DATA RECORDS:
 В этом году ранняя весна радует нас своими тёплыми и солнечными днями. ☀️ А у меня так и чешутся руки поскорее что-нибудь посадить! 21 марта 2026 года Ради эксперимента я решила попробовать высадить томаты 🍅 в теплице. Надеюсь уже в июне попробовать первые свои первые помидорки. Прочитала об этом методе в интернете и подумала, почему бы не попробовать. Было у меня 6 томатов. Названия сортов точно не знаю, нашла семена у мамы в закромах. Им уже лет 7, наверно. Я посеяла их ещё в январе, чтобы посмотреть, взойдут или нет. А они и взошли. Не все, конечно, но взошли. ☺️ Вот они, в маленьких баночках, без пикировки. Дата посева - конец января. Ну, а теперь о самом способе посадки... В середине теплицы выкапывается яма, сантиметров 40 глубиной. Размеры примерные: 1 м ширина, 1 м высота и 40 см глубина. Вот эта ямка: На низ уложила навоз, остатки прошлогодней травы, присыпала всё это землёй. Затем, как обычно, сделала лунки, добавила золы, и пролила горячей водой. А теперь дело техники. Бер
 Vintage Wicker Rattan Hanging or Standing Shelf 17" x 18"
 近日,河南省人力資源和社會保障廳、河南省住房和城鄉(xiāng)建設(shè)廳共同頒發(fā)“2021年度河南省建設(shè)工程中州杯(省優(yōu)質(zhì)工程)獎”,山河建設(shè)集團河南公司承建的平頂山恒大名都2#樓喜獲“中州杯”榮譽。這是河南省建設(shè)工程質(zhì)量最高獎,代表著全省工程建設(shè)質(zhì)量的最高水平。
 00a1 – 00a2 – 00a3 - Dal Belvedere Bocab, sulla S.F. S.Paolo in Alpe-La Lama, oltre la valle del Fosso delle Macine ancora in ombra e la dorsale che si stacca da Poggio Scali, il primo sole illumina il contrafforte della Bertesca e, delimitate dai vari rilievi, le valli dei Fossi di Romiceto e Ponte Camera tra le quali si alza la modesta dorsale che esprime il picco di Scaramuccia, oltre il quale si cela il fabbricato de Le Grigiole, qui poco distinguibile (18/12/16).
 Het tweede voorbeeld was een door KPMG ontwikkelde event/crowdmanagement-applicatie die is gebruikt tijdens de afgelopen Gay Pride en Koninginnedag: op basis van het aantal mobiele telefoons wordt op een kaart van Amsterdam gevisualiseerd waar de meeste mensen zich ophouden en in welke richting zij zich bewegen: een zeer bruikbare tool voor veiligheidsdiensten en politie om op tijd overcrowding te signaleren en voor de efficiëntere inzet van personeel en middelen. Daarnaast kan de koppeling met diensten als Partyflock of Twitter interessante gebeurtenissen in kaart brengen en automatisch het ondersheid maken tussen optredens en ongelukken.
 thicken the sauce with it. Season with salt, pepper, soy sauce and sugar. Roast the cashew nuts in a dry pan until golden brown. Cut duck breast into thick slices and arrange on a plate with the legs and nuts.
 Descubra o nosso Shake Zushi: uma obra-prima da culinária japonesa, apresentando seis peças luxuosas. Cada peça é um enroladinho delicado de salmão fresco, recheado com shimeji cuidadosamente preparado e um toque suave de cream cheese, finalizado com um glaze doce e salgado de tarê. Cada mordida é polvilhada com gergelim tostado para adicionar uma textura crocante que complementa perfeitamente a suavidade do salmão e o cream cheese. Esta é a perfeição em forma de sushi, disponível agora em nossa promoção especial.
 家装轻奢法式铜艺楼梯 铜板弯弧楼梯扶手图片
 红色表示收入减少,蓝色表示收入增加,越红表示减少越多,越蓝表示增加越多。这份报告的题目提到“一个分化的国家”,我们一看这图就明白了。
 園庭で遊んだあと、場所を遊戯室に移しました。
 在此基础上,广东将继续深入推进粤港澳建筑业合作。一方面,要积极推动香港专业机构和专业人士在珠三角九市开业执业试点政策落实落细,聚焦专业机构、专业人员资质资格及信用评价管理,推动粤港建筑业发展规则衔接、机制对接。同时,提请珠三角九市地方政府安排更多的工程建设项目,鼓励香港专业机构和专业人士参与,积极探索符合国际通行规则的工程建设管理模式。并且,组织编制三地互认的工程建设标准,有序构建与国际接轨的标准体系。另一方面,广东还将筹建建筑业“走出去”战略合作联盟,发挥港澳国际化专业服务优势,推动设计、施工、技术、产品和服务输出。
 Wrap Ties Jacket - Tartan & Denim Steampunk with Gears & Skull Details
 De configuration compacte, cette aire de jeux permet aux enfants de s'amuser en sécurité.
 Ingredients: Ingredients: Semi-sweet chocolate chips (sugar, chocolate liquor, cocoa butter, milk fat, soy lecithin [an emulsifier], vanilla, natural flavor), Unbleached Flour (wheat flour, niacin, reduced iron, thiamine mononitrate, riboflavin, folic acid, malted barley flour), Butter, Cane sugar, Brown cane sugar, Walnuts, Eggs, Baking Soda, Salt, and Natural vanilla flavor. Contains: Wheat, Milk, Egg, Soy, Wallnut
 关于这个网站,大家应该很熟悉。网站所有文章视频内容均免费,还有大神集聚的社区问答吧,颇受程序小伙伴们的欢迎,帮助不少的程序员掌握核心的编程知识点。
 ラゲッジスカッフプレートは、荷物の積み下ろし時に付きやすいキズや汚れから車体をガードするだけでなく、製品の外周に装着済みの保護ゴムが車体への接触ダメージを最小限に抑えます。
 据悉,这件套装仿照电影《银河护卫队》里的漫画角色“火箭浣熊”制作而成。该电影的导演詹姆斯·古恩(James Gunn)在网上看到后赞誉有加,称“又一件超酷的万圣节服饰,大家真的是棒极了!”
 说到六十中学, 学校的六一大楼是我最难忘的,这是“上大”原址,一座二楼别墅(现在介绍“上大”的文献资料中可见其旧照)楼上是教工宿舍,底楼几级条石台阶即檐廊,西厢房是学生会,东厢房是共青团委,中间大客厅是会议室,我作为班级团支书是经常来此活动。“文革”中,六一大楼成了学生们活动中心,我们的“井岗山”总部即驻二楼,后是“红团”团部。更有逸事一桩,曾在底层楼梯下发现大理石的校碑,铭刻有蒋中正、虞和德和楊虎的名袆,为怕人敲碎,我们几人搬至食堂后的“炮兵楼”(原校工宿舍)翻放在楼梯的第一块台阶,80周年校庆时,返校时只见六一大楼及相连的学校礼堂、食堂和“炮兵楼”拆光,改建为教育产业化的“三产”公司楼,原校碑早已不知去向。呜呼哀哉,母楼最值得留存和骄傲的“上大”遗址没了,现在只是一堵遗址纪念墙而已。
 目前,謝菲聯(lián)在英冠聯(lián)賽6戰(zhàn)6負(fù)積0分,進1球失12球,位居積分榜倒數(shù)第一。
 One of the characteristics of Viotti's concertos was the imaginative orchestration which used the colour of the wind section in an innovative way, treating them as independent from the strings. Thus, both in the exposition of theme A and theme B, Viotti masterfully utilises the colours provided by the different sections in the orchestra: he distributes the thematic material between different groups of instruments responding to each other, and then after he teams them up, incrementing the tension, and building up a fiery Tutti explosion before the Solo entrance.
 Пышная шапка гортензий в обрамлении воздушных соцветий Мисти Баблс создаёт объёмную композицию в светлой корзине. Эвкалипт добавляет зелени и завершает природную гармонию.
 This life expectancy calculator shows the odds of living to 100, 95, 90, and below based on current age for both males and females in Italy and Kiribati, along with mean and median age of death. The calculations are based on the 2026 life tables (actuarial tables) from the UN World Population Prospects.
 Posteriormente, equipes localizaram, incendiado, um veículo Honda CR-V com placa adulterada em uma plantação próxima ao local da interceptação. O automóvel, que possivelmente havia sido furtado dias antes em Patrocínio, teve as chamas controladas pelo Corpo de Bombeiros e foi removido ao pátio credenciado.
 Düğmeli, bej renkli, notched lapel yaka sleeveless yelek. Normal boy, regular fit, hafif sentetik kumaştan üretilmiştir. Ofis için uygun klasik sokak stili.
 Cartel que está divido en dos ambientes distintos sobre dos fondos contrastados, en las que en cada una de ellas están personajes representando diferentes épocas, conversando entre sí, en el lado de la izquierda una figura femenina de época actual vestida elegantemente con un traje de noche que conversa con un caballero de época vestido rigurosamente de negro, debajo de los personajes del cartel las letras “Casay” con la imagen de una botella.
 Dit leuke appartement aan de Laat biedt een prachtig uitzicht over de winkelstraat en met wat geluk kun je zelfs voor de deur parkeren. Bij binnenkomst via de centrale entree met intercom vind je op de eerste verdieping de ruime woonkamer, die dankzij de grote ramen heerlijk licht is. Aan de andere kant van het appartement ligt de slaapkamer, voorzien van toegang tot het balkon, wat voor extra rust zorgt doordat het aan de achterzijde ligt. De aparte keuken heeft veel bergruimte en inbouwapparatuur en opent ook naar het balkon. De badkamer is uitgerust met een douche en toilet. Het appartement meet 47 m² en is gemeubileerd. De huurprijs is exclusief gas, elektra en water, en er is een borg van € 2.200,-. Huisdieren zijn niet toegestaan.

TASK INSTRUCTIONS: Would you please copy exactly the part of the entries above that begins at the line containing "This life expectancy" and ends at the line containing "Cartel que está", both lines included?

RESPONSE BELOW:
 This life expectancy calculator shows the odds of living to 100, 95, 90, and below based on current age for both males and females in Italy and Kiribati, along with mean and median age of death. The calculations are based on the 2026 life tables (actuarial tables) from the UN World Population Prospects.
 Posteriormente, equipes localizaram, incendiado, um veículo Honda CR-V com placa adulterada em uma plantação próxima ao local da interceptação. O automóvel, que possivelmente havia sido furtado dias antes em Patrocínio, teve as chamas controladas pelo Corpo de Bombeiros e foi removido ao pátio credenciado.
 Düğmeli, bej renkli, notched lapel yaka sleeveless yelek. Normal boy, regular fit, hafif sentetik kumaştan üretilmiştir. Ofis için uygun klasik sokak stili.
 Cartel que está divido en dos ambientes distintos sobre dos fondos contrastados, en las que en cada una de ellas están personajes representando diferentes épocas, conversando entre sí, en el lado de la izquierda una figura femenina de época actual vestida elegantemente con un traje de noche que conversa con un caballero de época vestido rigurosamente de negro, debajo de los personajes del cartel las letras “Casay” con la imagen de una botella.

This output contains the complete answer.